[[ MATERIAL PROVIDED open ]]

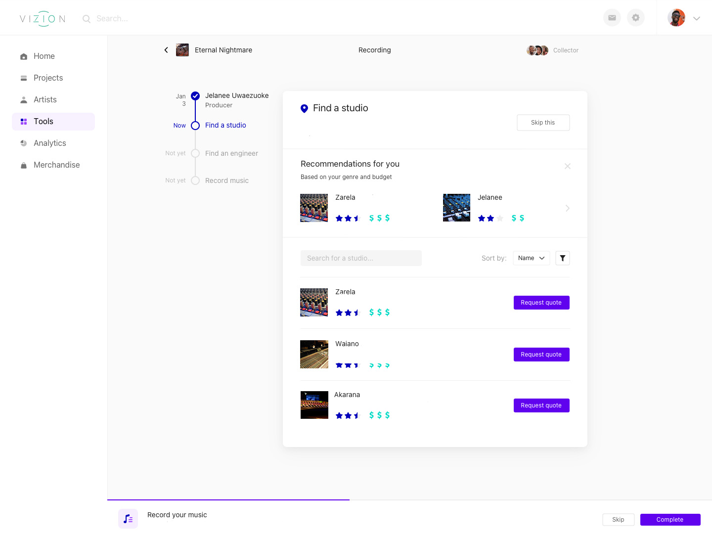 Connect with the studios, engineers, producers best fit for your project. Manage contracts and payouts in one place.
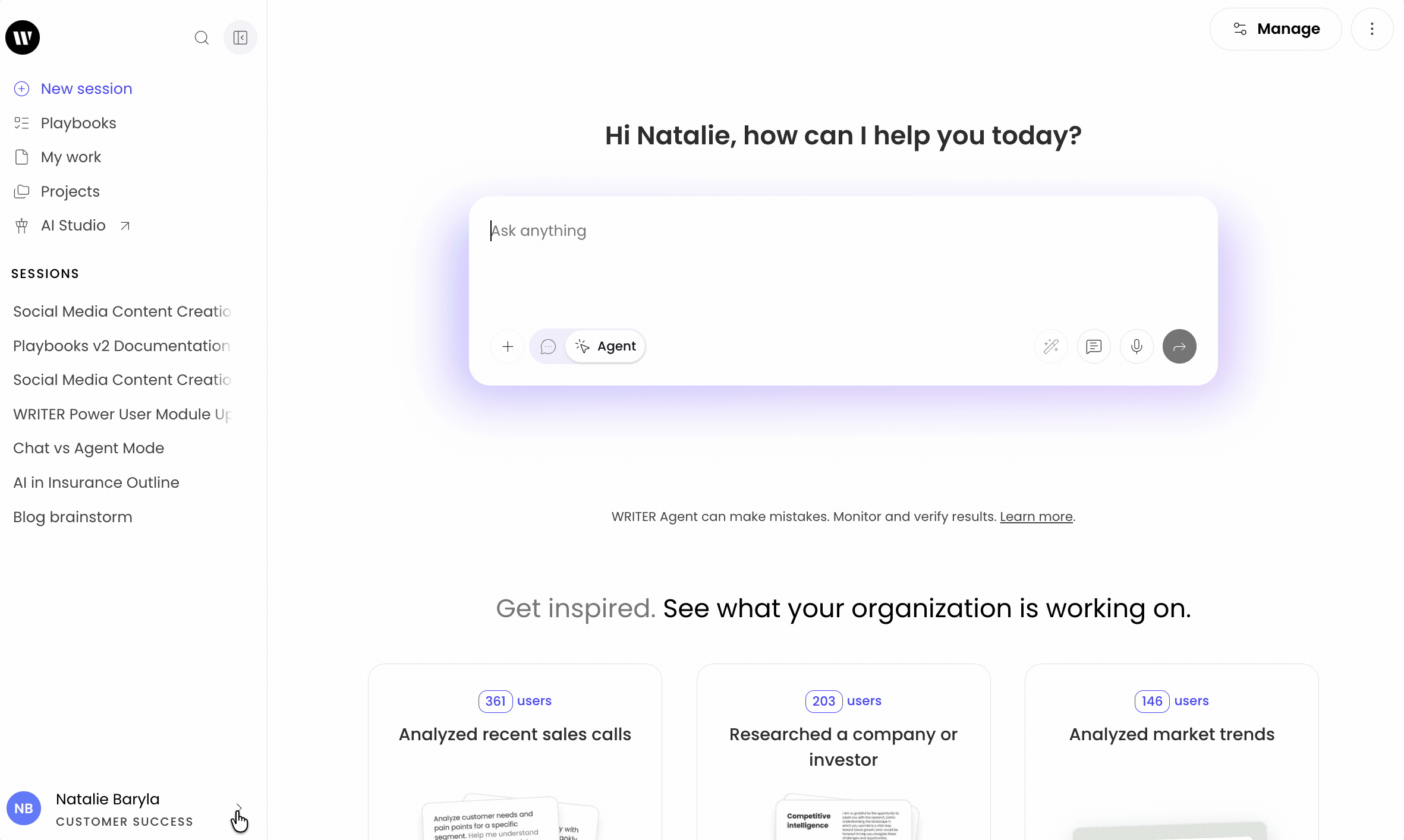 - Chat sessions - All chat sessions created by users, including in Ask WRITER or in any prebuilt or custom agents.
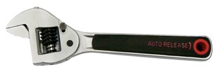 8" Auto-Release Adjustable Wrench: 25mm Open Wide * Easy on/off switch * Turn on (right)-ratchet function * Turn off (left)-regular function Item No. | Description | | HA21-AR85 | 8" Auto-Release Adjustable Wrench without rubber grip Matt.Cr.Plated Material:6140 36sets/15/16KGS/1.125' | | HA21-AR86 | 8" Auto-Release Adjustable Wrench without rubber grip Phosphate-Black Finish Material:6140 36sets/15/16KGS/1.125' | | HA21-AR87 | 8" Auto-Release Adjustable Wrench with rubber grip Matt.Cr.Plated Material:6140 36sets/15.5/16.5KGS/1.125' | | HA21-AR88 | 8" Auto-Release Adjustable Wrench with rubber grip Phosphate-Black Finish Material:6140 36sets/15.5/16.5KGS/1.125' |

[[ MATERIAL PROVIDED closed ]]

Leaving every image behind, repeat the data in full and exactly.

* _ANSWER TO THIS EXERCISE_
 Connect with the studios, engineers, producers best fit for your project. Manage contracts and payouts in one place.
 - Chat sessions - All chat sessions created by users, including in Ask WRITER or in any prebuilt or custom agents.
 8" Auto-Release Adjustable Wrench: 25mm Open Wide * Easy on/off switch * Turn on (right)-ratchet function * Turn off (left)-regular function Item No. | Description | | HA21-AR85 | 8" Auto-Release Adjustable Wrench without rubber grip Matt.Cr.Plated Material:6140 36sets/15/16KGS/1.125' | | HA21-AR86 | 8" Auto-Release Adjustable Wrench without rubber grip Phosphate-Black Finish Material:6140 36sets/15/16KGS/1.125' | | HA21-AR87 | 8" Auto-Release Adjustable Wrench with rubber grip Matt.Cr.Plated Material:6140 36sets/15.5/16.5KGS/1.125' | | HA21-AR88 | 8" Auto-Release Adjustable Wrench with rubber grip Phosphate-Black Finish Material:6140 36sets/15.5/16.5KGS/1.125' |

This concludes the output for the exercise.